Records from a collection
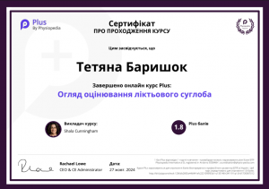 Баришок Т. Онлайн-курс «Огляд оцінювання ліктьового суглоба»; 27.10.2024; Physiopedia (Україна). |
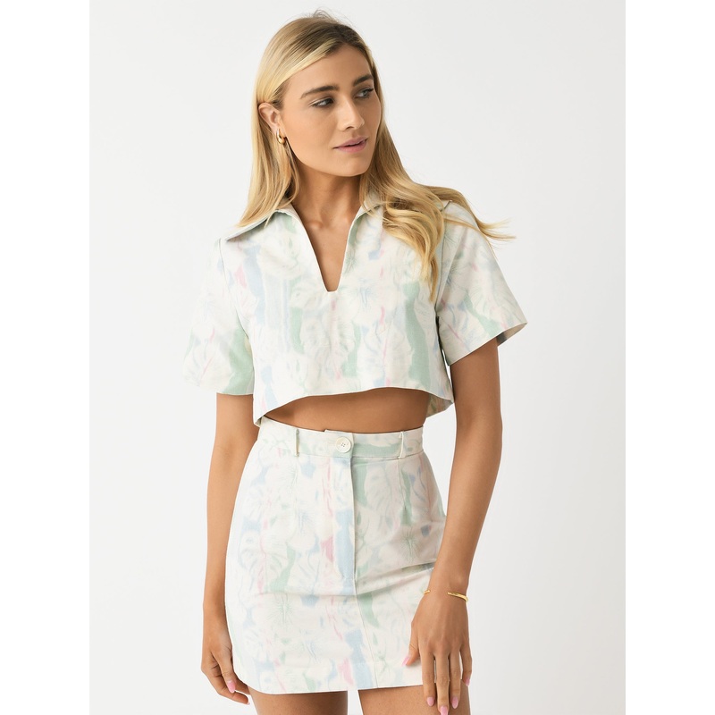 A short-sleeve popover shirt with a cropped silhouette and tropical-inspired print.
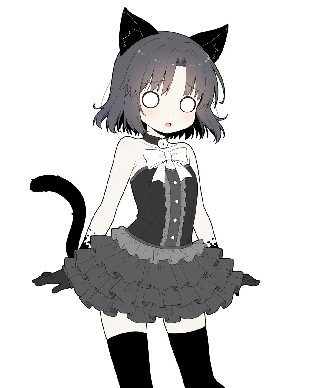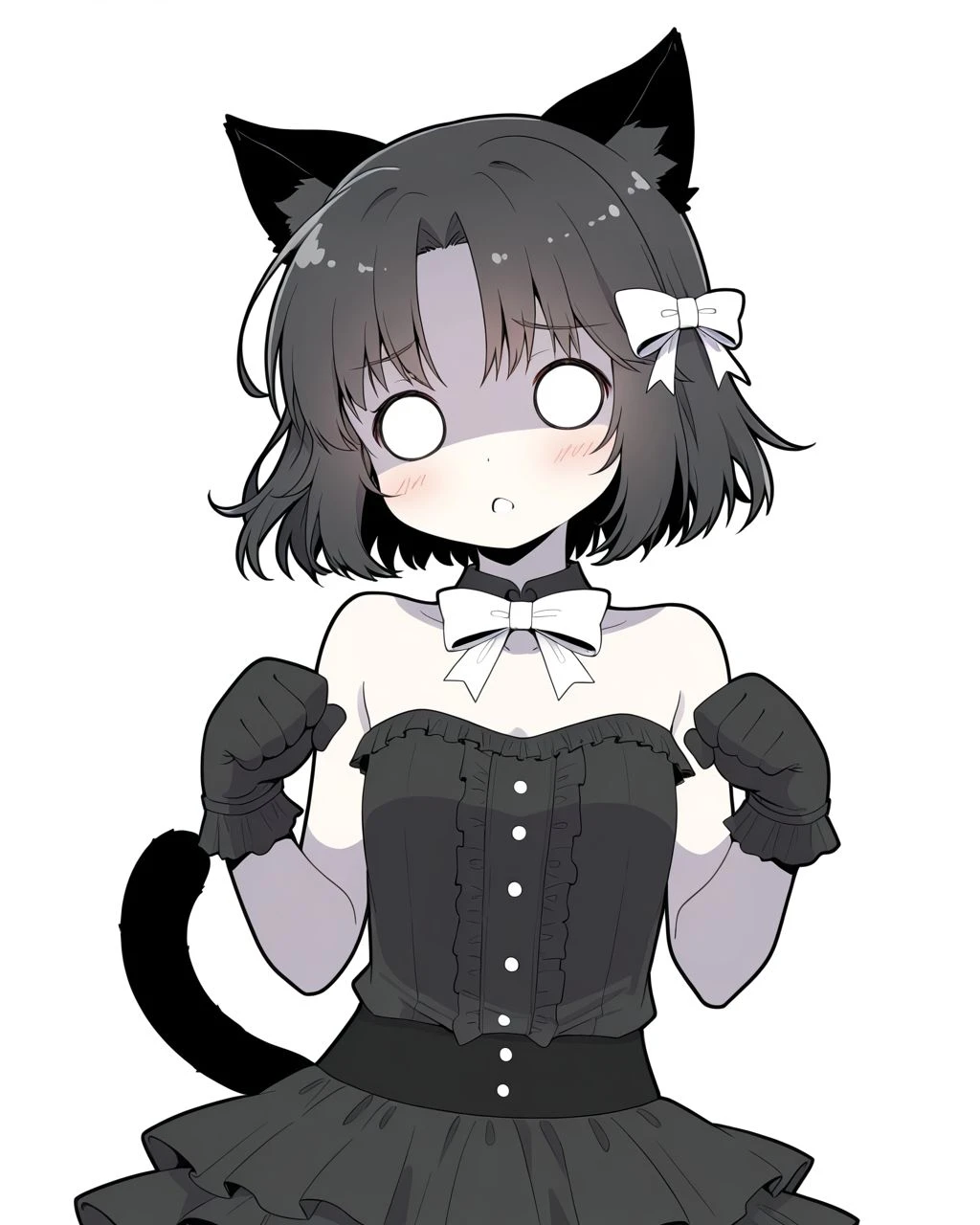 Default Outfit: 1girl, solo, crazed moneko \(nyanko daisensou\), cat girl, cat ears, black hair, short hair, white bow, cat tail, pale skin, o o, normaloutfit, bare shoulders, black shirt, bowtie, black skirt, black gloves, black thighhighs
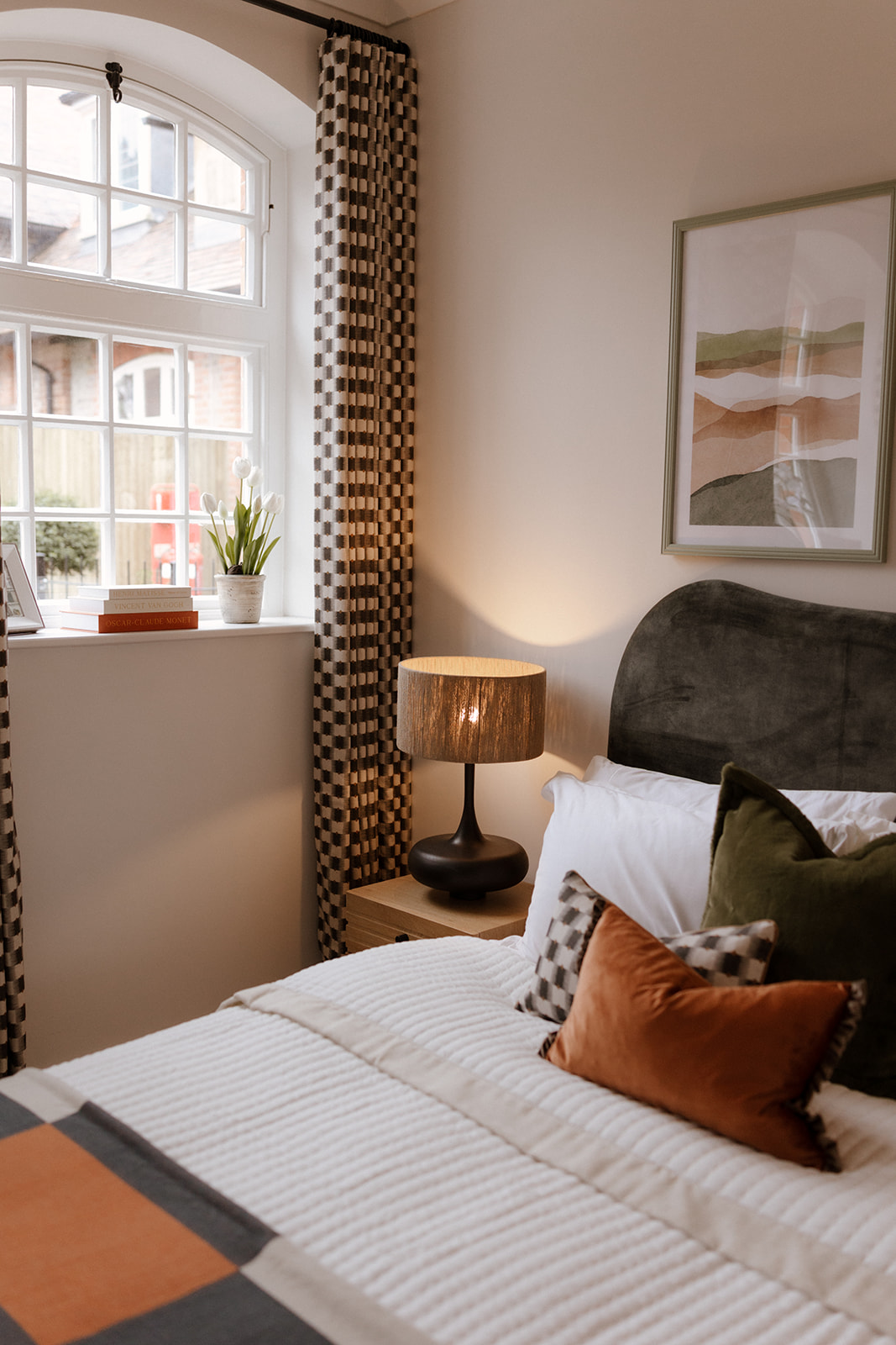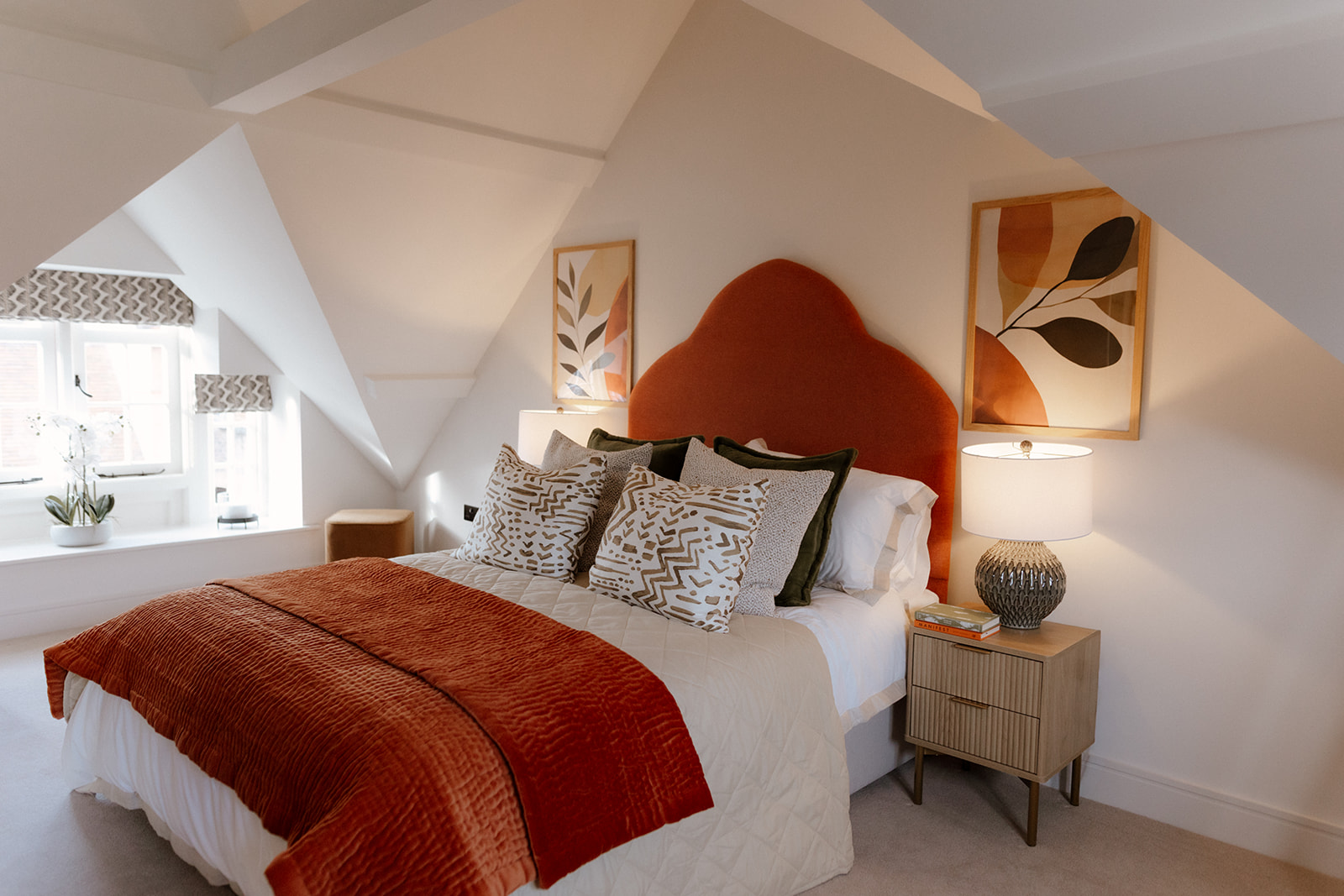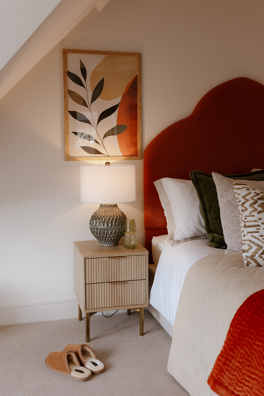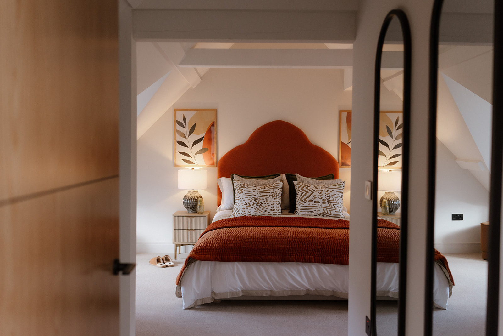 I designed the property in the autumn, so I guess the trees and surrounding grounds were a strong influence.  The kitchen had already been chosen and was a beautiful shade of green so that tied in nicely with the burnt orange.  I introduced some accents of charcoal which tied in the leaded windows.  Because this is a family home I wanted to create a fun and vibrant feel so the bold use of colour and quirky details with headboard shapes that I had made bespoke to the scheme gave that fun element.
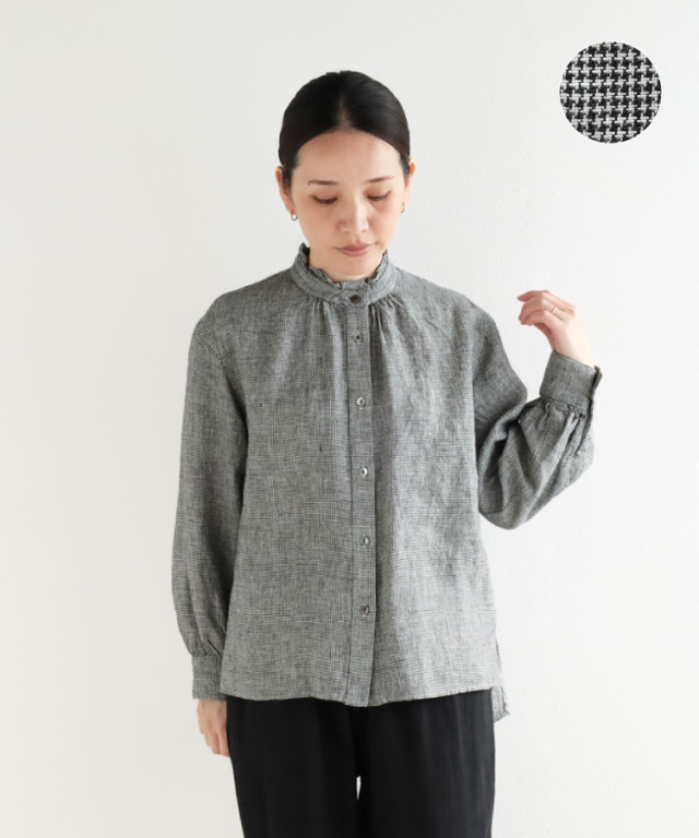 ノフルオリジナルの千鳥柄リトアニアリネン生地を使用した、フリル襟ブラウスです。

— Work order —
Without any of its images, the data above should be returned exactly.

— Solved exercise —
 Баришок Т. Онлайн-курс «Огляд оцінювання ліктьового суглоба»; 27.10.2024; Physiopedia (Україна). |
 A short-sleeve popover shirt with a cropped silhouette and tropical-inspired print.
 Default Outfit: 1girl, solo, crazed moneko \(nyanko daisensou\), cat girl, cat ears, black hair, short hair, white bow, cat tail, pale skin, o o, normaloutfit, bare shoulders, black shirt, bowtie, black skirt, black gloves, black thighhighs
 I designed the property in the autumn, so I guess the trees and surrounding grounds were a strong influence.  The kitchen had already been chosen and was a beautiful shade of green so that tied in nicely with the burnt orange.  I introduced some accents of charcoal which tied in the leaded windows.  Because this is a family home I wanted to create a fun and vibrant feel so the bold use of colour and quirky details with headboard shapes that I had made bespoke to the scheme gave that fun element.
 ノフルオリジナルの千鳥柄リトアニアリネン生地を使用した、フリル襟ブラウスです。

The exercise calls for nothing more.